**Your task**
It is required that the lines from the top of the listing through the line with "Ich habe noch" be reproduced exactly, excluding pictures.

**Input data**
========

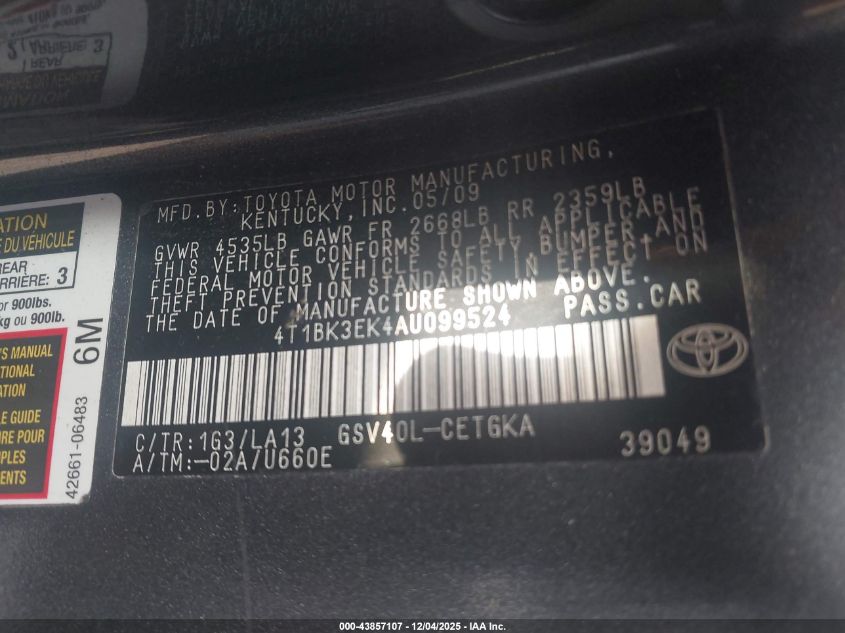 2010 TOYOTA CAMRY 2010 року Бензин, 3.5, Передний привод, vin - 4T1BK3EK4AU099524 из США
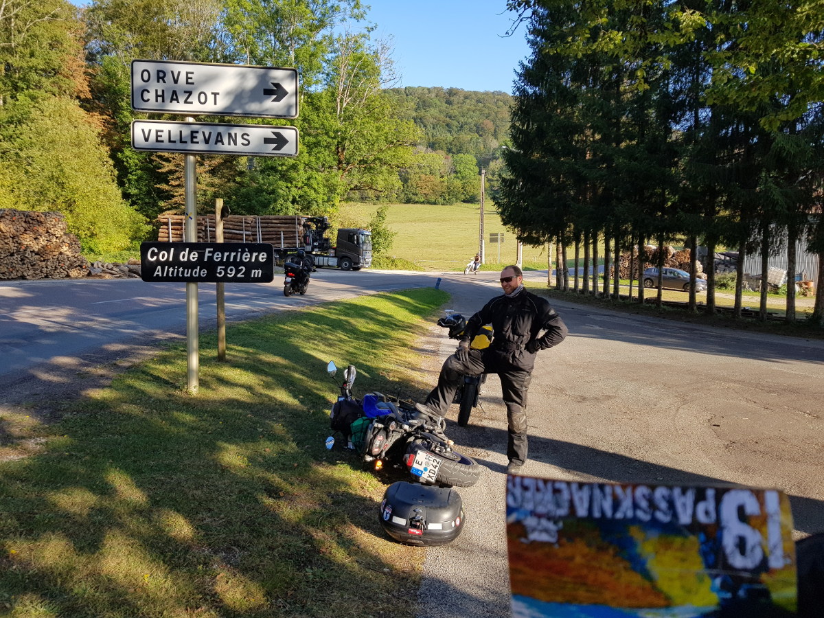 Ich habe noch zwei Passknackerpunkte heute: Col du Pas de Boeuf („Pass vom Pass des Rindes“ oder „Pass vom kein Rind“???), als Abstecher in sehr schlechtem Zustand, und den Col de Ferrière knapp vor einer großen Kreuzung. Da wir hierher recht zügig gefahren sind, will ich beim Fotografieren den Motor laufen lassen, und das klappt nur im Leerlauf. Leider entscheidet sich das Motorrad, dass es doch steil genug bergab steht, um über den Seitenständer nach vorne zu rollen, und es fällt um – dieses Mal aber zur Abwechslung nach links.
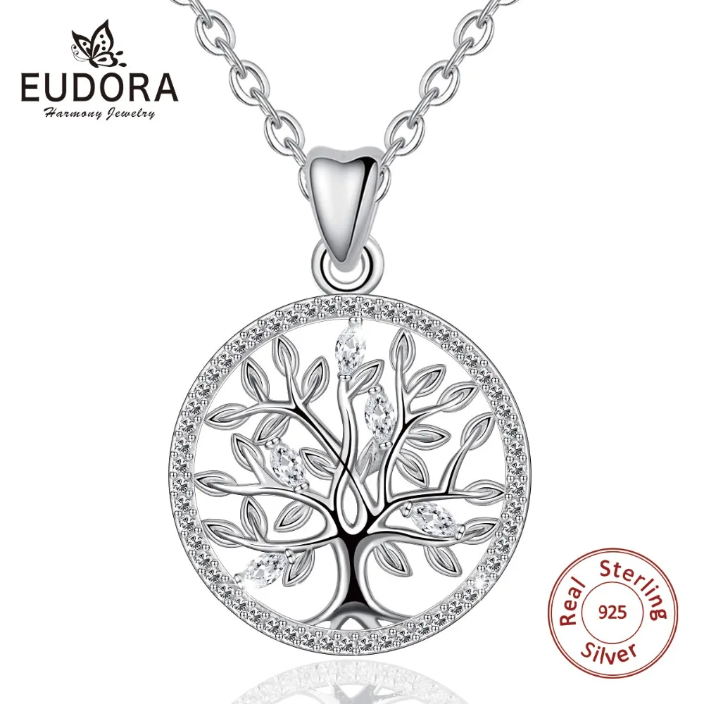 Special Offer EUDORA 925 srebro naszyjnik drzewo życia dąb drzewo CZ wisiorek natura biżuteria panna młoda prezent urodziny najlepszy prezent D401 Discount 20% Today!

========

**The answer**
 2010 TOYOTA CAMRY 2010 року Бензин, 3.5, Передний привод, vin - 4T1BK3EK4AU099524 из США
 Ich habe noch zwei Passknackerpunkte heute: Col du Pas de Boeuf („Pass vom Pass des Rindes“ oder „Pass vom kein Rind“???), als Abstecher in sehr schlechtem Zustand, und den Col de Ferrière knapp vor einer großen Kreuzung. Da wir hierher recht zügig gefahren sind, will ich beim Fotografieren den Motor laufen lassen, und das klappt nur im Leerlauf. Leider entscheidet sich das Motorrad, dass es doch steil genug bergab steht, um über den Seitenständer nach vorne zu rollen, und es fällt um – dieses Mal aber zur Abwechslung nach links.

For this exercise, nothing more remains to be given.